(WORK TO COMPLETE) From the records below, output exactly the lines running from the line containing "Foto: Ricardo Duarte/InternacionalO" through the line containing "A Prefeitura de", and no others.

(GIVEN DATA)
--*--
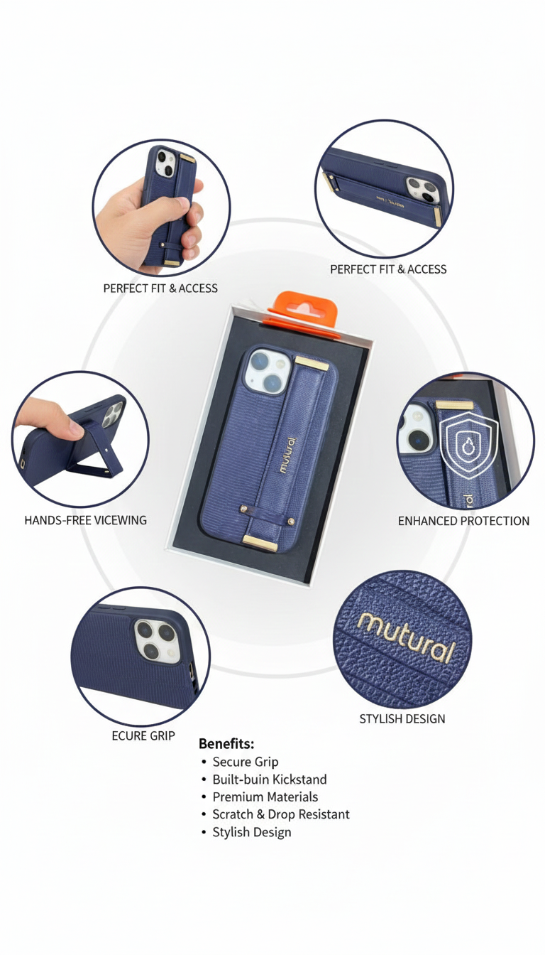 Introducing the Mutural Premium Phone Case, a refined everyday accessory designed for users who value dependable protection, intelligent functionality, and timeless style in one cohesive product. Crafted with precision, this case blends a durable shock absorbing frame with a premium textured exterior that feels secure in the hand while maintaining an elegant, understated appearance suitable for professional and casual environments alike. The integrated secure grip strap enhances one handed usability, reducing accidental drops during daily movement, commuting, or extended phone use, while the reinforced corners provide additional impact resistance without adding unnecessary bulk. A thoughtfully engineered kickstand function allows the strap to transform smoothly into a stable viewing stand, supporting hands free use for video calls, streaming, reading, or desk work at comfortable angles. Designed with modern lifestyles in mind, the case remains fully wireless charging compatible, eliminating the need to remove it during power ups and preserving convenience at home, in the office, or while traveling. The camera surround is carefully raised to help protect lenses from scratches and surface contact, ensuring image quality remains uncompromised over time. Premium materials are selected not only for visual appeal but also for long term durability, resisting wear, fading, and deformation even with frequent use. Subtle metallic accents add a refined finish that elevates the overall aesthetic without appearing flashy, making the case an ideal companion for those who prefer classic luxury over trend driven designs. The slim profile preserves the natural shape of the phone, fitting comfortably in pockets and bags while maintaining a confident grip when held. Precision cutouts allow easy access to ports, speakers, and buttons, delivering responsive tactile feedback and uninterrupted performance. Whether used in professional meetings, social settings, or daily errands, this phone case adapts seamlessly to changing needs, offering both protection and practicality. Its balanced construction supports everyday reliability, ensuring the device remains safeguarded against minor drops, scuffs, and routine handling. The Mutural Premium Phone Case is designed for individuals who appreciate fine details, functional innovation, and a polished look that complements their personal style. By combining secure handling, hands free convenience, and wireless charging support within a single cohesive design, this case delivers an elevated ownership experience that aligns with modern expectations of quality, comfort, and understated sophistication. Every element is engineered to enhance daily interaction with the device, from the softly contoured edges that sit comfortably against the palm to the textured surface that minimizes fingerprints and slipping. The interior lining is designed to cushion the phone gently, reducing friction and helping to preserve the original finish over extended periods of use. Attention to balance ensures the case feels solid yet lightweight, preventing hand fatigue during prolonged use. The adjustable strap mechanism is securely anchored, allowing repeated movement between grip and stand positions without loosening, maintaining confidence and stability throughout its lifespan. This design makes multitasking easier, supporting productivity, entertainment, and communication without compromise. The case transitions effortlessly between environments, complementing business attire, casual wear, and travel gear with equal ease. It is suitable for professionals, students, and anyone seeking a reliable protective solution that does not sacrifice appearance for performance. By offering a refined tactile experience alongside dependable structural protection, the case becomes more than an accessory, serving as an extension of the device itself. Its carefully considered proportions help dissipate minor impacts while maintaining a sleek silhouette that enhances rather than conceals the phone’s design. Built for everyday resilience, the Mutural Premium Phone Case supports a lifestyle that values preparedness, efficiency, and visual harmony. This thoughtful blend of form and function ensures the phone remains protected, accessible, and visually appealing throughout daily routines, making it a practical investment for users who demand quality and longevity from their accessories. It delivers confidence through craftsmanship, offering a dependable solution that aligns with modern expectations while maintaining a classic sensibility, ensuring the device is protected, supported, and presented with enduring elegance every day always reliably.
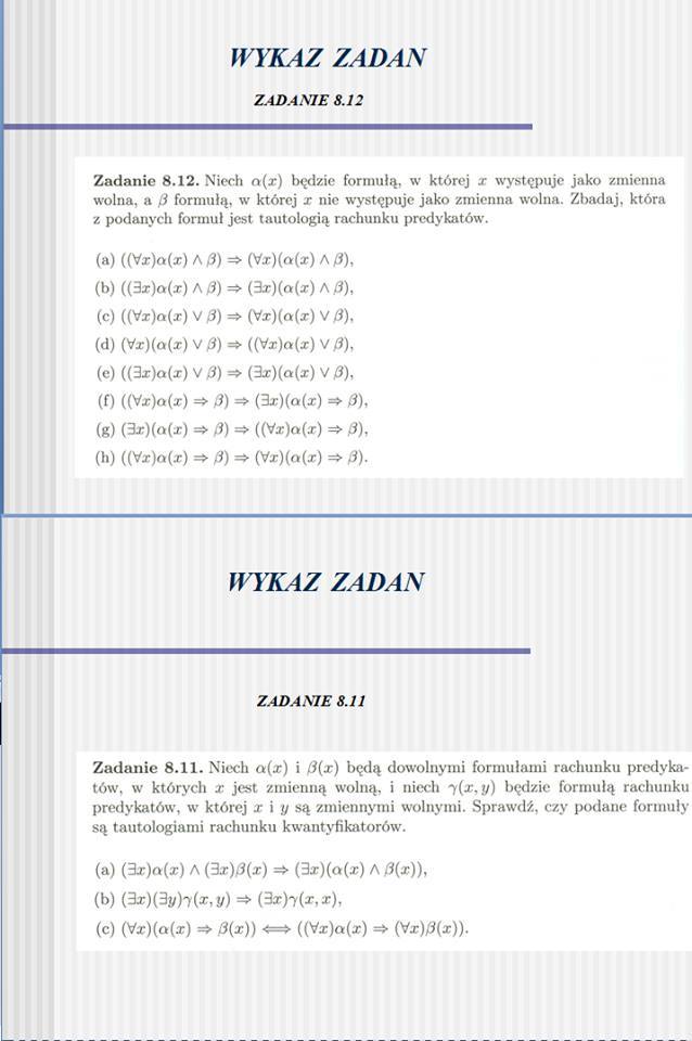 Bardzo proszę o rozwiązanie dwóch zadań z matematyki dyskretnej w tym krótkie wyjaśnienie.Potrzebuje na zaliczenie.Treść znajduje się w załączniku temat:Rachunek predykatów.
--*--
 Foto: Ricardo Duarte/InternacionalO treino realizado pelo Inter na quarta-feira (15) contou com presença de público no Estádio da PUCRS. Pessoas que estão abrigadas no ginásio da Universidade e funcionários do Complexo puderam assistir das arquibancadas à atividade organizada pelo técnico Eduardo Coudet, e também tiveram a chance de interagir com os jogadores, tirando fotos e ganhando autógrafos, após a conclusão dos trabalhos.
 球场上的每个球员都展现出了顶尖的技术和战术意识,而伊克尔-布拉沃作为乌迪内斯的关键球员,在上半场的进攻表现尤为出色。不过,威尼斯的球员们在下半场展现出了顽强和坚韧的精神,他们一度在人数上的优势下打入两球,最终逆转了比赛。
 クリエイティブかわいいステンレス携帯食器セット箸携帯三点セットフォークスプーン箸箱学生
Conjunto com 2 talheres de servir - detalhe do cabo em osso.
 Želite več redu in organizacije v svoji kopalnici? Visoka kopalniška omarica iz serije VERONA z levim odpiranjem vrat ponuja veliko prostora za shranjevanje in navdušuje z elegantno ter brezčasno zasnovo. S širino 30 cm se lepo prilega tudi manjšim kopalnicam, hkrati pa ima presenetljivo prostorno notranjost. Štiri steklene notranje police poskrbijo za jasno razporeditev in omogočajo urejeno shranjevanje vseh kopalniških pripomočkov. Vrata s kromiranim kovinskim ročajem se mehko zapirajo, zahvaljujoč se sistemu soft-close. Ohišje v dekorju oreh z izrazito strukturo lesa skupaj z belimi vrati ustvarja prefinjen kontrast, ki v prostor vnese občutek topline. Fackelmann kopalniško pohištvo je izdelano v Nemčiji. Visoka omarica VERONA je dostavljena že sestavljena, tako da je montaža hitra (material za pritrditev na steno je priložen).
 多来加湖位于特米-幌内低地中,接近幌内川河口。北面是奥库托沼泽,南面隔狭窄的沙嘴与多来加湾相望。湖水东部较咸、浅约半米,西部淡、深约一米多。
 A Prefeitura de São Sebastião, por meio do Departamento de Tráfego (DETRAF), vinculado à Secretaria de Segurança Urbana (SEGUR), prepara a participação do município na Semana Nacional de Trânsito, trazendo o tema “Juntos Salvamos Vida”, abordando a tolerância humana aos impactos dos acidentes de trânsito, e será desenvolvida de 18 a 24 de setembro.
--*--
(RESPONSE TO THIS EXERCISE)
 Foto: Ricardo Duarte/InternacionalO treino realizado pelo Inter na quarta-feira (15) contou com presença de público no Estádio da PUCRS. Pessoas que estão abrigadas no ginásio da Universidade e funcionários do Complexo puderam assistir das arquibancadas à atividade organizada pelo técnico Eduardo Coudet, e também tiveram a chance de interagir com os jogadores, tirando fotos e ganhando autógrafos, após a conclusão dos trabalhos.
 球场上的每个球员都展现出了顶尖的技术和战术意识,而伊克尔-布拉沃作为乌迪内斯的关键球员,在上半场的进攻表现尤为出色。不过,威尼斯的球员们在下半场展现出了顽强和坚韧的精神,他们一度在人数上的优势下打入两球,最终逆转了比赛。
 クリエイティブかわいいステンレス携帯食器セット箸携帯三点セットフォークスプーン箸箱学生
Conjunto com 2 talheres de servir - detalhe do cabo em osso.
 Želite več redu in organizacije v svoji kopalnici? Visoka kopalniška omarica iz serije VERONA z levim odpiranjem vrat ponuja veliko prostora za shranjevanje in navdušuje z elegantno ter brezčasno zasnovo. S širino 30 cm se lepo prilega tudi manjšim kopalnicam, hkrati pa ima presenetljivo prostorno notranjost. Štiri steklene notranje police poskrbijo za jasno razporeditev in omogočajo urejeno shranjevanje vseh kopalniških pripomočkov. Vrata s kromiranim kovinskim ročajem se mehko zapirajo, zahvaljujoč se sistemu soft-close. Ohišje v dekorju oreh z izrazito strukturo lesa skupaj z belimi vrati ustvarja prefinjen kontrast, ki v prostor vnese občutek topline. Fackelmann kopalniško pohištvo je izdelano v Nemčiji. Visoka omarica VERONA je dostavljena že sestavljena, tako da je montaža hitra (material za pritrditev na steno je priložen).
 多来加湖位于特米-幌内低地中,接近幌内川河口。北面是奥库托沼泽,南面隔狭窄的沙嘴与多来加湾相望。湖水东部较咸、浅约半米,西部淡、深约一米多。
 A Prefeitura de São Sebastião, por meio do Departamento de Tráfego (DETRAF), vinculado à Secretaria de Segurança Urbana (SEGUR), prepara a participação do município na Semana Nacional de Trânsito, trazendo o tema “Juntos Salvamos Vida”, abordando a tolerância humana aos impactos dos acidentes de trânsito, e será desenvolvida de 18 a 24 de setembro.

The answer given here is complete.